Available data:

==========

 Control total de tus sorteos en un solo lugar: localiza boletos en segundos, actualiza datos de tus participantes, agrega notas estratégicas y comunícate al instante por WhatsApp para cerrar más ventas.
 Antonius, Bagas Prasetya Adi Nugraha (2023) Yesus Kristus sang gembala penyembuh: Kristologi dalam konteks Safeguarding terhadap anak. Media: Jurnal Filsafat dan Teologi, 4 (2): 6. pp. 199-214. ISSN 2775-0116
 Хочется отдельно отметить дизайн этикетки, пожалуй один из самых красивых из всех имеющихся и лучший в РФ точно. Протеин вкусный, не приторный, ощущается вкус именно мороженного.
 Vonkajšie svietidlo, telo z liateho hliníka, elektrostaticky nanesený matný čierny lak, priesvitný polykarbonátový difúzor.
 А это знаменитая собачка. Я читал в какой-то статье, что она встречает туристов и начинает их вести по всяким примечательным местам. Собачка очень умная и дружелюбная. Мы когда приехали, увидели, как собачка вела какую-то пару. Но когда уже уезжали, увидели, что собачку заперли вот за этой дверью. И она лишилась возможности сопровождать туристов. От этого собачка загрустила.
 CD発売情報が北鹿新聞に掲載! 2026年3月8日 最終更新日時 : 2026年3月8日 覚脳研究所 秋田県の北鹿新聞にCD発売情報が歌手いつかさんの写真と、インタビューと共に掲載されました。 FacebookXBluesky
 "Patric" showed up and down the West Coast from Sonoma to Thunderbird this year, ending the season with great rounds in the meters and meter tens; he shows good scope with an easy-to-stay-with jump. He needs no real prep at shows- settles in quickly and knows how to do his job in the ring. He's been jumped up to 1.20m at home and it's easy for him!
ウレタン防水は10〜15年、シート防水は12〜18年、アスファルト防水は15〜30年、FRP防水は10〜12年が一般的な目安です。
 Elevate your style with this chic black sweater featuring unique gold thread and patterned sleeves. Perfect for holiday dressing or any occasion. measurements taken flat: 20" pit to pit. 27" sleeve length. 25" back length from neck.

==========

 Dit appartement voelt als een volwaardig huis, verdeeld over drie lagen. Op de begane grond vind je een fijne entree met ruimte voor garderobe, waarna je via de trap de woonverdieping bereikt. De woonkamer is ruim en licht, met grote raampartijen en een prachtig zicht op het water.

==========

Reproduce the entries above exactly, but only the lines between the line holding "ウレタン防水は10〜15年、" and the line holding "Elevate your style", inclusive.

ウレタン防水は10〜15年、シート防水は12〜18年、アスファルト防水は15〜30年、FRP防水は10〜12年が一般的な目安です。
 Elevate your style with this chic black sweater featuring unique gold thread and patterned sleeves. Perfect for holiday dressing or any occasion. measurements taken flat: 20" pit to pit. 27" sleeve length. 25" back length from neck.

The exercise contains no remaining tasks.